- _Description of the task_: What should be copied is the stretch of entries below from the line with "雅鹿纯棉蕾丝内裤女无痕中腰10A抑菌全棉裆少女生纯欲性感三角裤" up to and including the line with "Young adults are", exactly and without images.

- _Data supplied_:

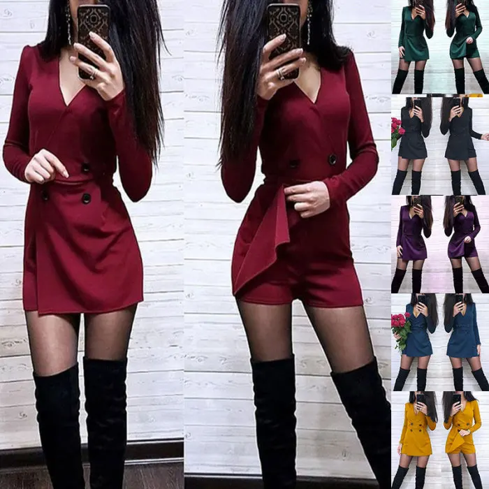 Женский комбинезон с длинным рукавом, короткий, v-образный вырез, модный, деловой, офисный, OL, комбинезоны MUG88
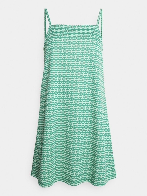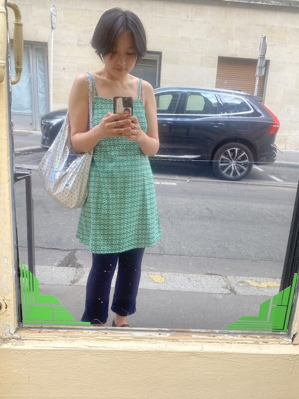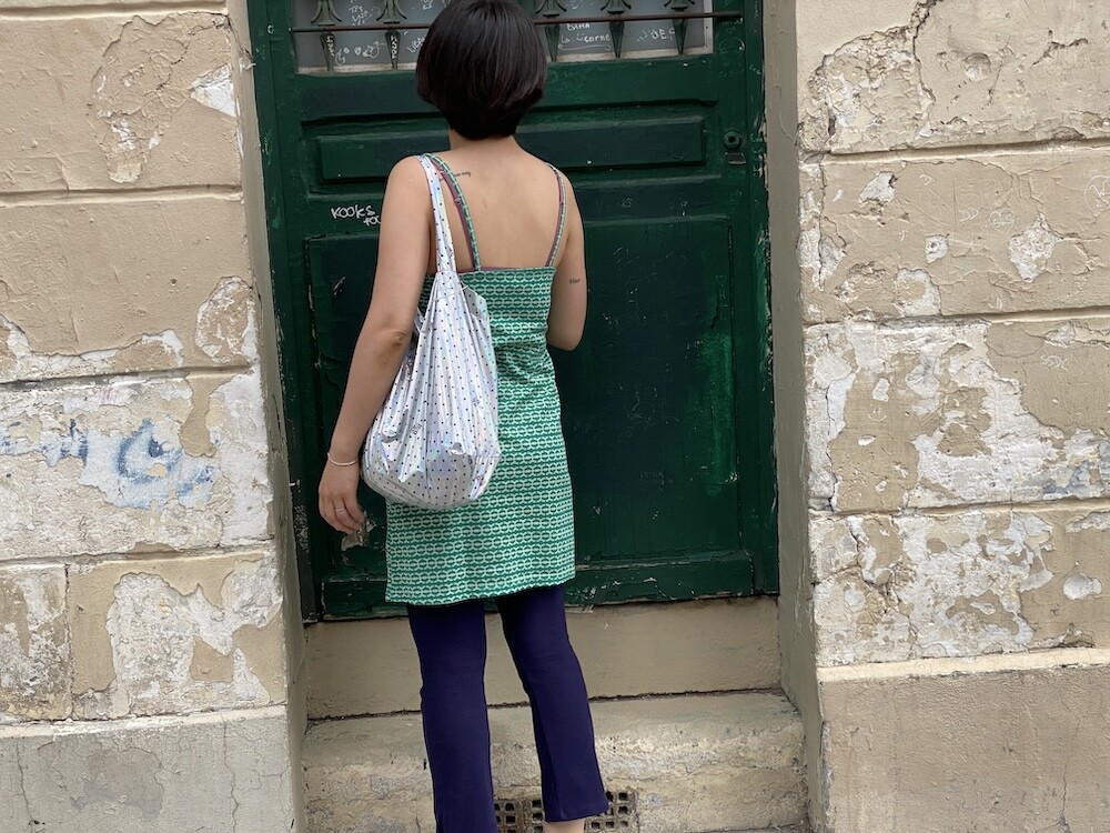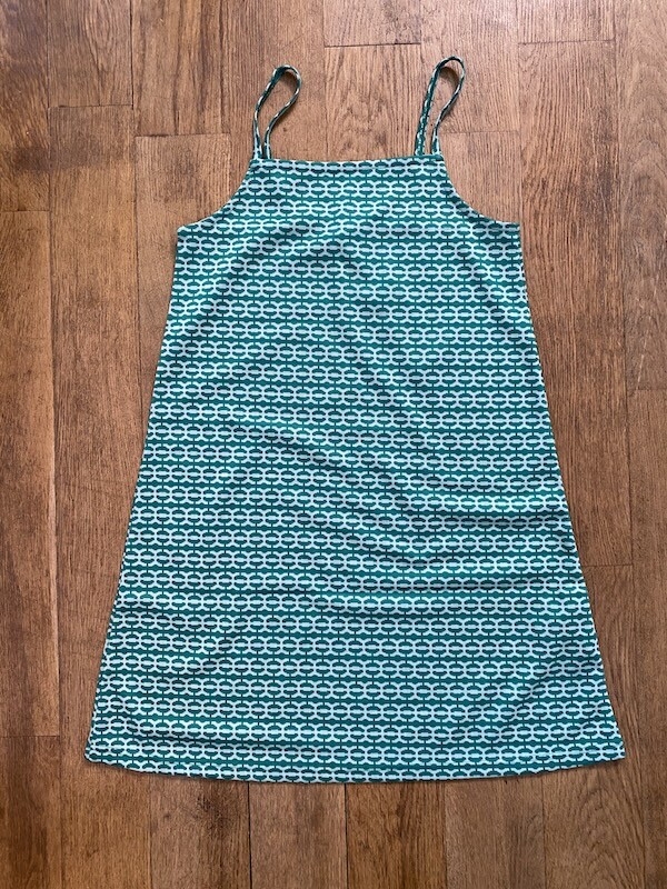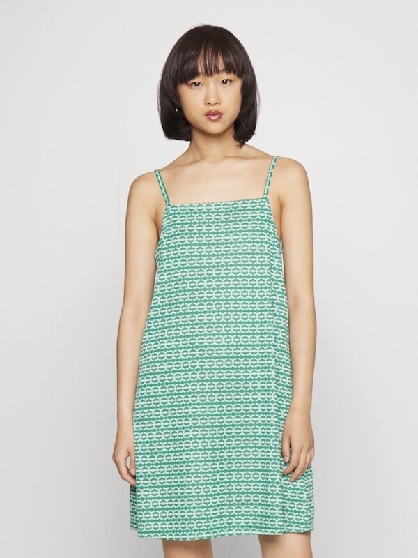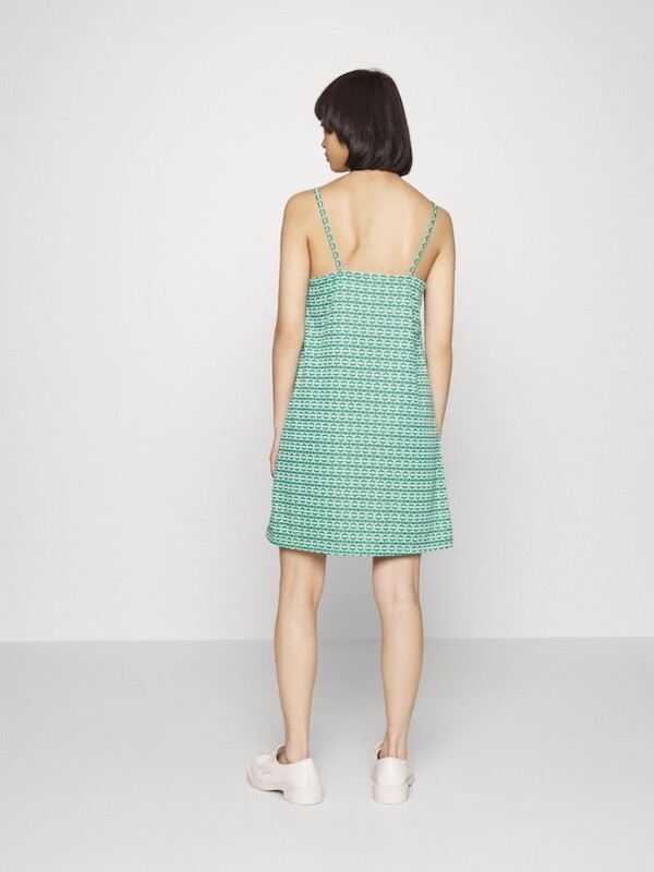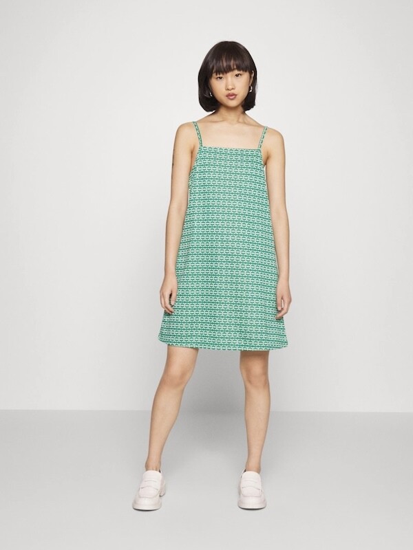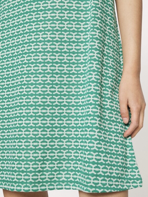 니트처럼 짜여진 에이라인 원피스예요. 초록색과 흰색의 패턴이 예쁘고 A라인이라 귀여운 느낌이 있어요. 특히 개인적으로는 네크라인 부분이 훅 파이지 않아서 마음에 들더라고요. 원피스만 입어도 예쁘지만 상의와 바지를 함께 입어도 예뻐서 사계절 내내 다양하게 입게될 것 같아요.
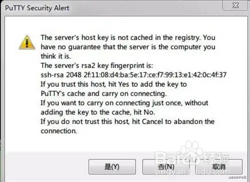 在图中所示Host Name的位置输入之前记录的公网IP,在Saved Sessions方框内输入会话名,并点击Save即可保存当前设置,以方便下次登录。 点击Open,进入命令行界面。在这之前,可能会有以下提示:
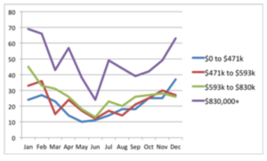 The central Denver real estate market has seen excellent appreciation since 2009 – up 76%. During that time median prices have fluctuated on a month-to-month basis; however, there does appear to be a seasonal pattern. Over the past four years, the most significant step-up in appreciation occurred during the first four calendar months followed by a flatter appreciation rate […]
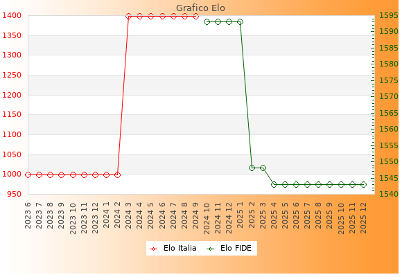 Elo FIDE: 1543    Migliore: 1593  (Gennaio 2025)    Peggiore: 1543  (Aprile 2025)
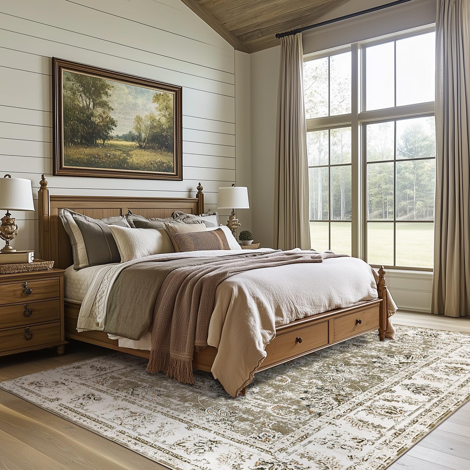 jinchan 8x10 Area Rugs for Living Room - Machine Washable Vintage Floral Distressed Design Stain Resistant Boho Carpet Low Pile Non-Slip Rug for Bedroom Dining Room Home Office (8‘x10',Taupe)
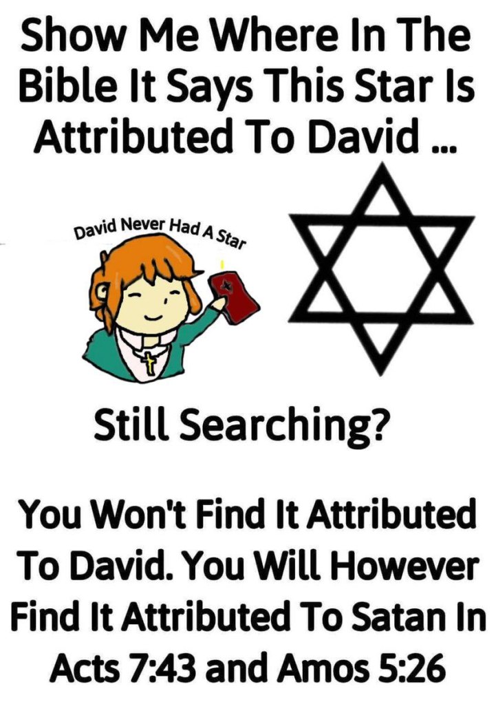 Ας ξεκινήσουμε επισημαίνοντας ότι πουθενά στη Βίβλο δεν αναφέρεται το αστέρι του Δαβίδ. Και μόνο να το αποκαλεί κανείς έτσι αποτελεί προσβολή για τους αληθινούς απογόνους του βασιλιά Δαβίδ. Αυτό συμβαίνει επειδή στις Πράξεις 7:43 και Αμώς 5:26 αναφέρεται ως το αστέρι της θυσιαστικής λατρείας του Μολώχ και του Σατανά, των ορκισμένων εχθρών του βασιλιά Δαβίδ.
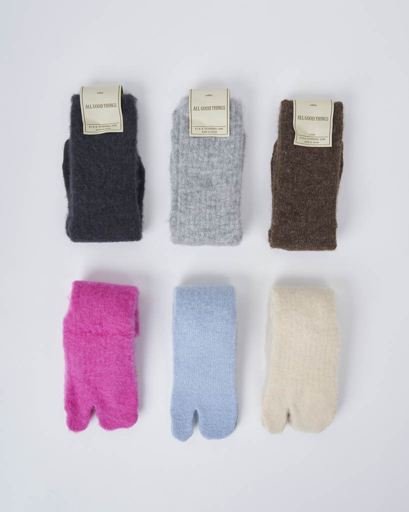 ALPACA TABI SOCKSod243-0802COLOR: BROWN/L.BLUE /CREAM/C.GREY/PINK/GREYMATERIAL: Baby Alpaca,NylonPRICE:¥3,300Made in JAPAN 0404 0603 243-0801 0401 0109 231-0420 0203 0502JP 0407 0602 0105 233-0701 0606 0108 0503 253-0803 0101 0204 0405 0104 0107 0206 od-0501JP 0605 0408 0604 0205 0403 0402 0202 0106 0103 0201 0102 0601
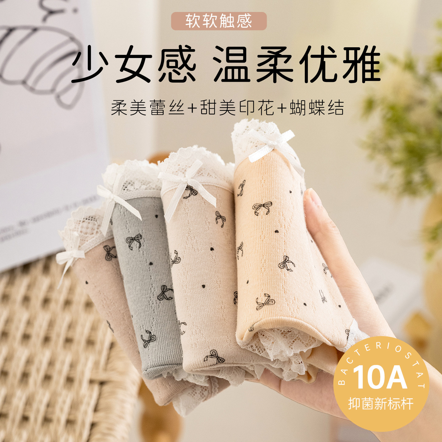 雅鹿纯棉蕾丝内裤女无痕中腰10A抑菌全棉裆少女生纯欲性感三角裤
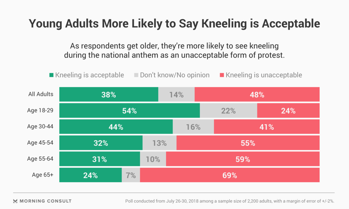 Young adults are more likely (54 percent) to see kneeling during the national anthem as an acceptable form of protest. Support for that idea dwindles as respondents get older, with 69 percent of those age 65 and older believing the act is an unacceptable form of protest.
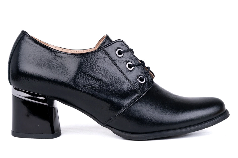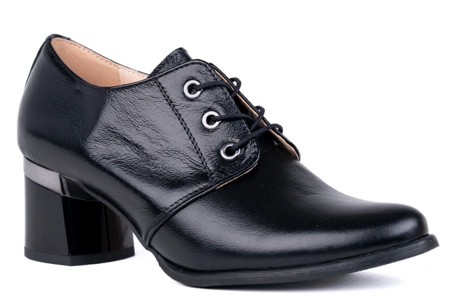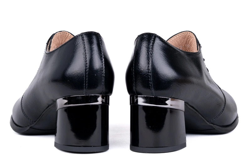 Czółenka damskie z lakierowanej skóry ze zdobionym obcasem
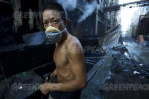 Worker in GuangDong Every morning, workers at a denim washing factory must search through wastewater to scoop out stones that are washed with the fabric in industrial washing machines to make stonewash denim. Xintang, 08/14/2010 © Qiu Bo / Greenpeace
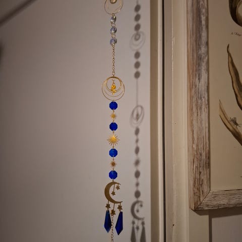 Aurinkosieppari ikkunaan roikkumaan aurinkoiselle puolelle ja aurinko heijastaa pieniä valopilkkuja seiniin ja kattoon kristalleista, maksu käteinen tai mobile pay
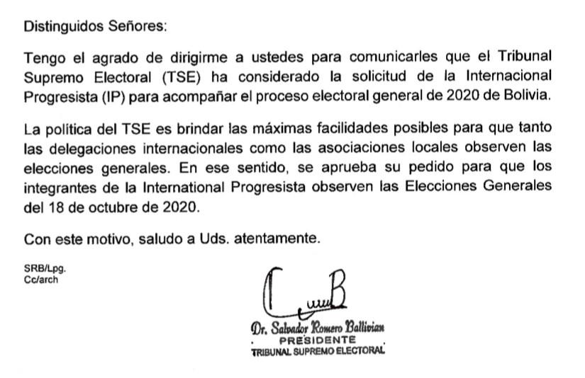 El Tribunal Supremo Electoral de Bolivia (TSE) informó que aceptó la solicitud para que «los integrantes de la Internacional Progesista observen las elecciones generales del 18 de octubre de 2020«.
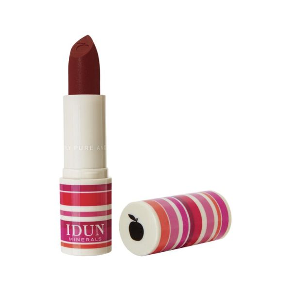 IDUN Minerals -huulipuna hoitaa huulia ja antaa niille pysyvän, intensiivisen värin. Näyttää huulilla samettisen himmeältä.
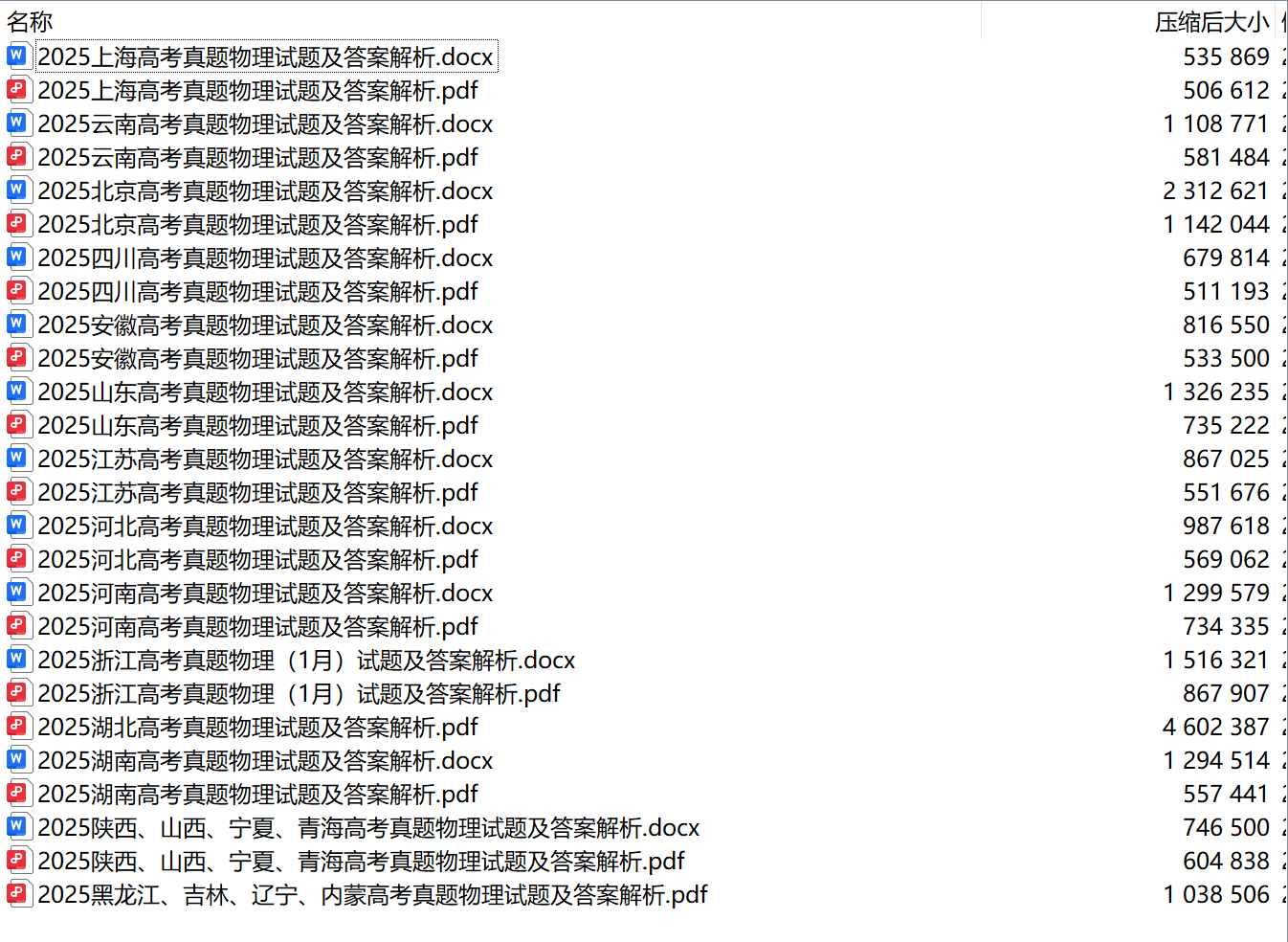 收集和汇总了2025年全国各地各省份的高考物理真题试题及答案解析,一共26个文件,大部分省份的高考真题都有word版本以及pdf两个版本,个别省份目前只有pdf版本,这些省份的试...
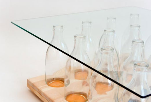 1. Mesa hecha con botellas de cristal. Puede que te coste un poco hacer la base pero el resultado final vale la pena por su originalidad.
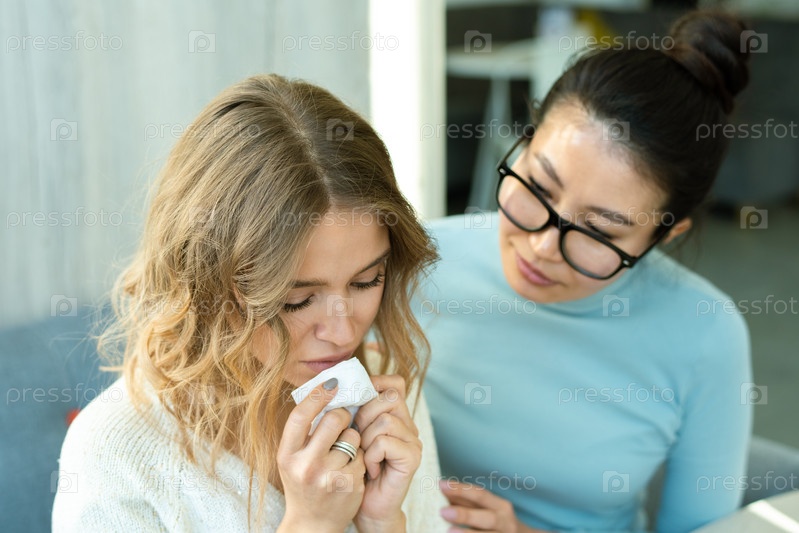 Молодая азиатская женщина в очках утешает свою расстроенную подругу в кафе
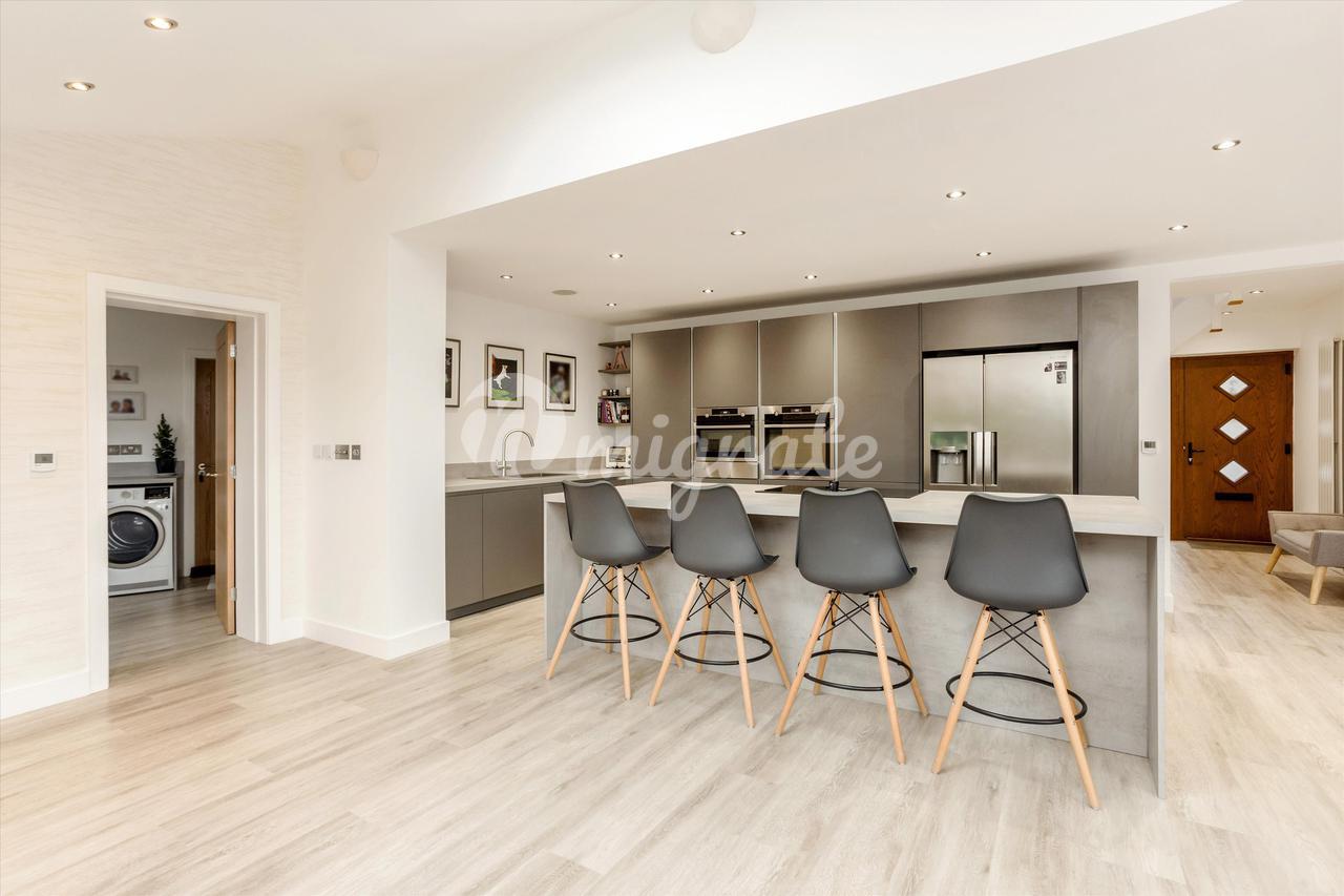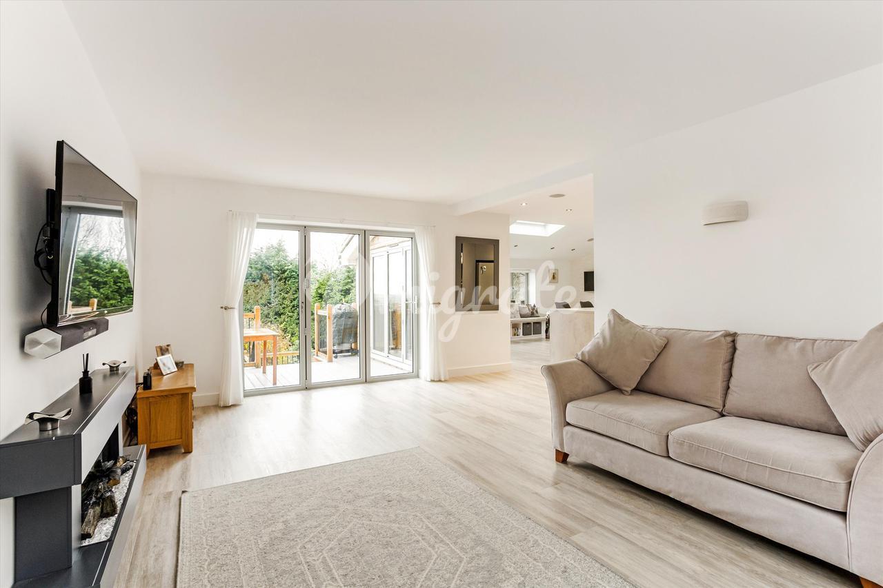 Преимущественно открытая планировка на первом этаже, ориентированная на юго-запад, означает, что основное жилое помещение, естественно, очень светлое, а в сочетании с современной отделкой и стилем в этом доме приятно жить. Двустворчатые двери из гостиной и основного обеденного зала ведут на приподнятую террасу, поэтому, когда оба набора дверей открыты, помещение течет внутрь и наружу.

- _Reply_:
 雅鹿纯棉蕾丝内裤女无痕中腰10A抑菌全棉裆少女生纯欲性感三角裤
 Young adults are more likely (54 percent) to see kneeling during the national anthem as an acceptable form of protest. Support for that idea dwindles as respondents get older, with 69 percent of those age 65 and older believing the act is an unacceptable form of protest.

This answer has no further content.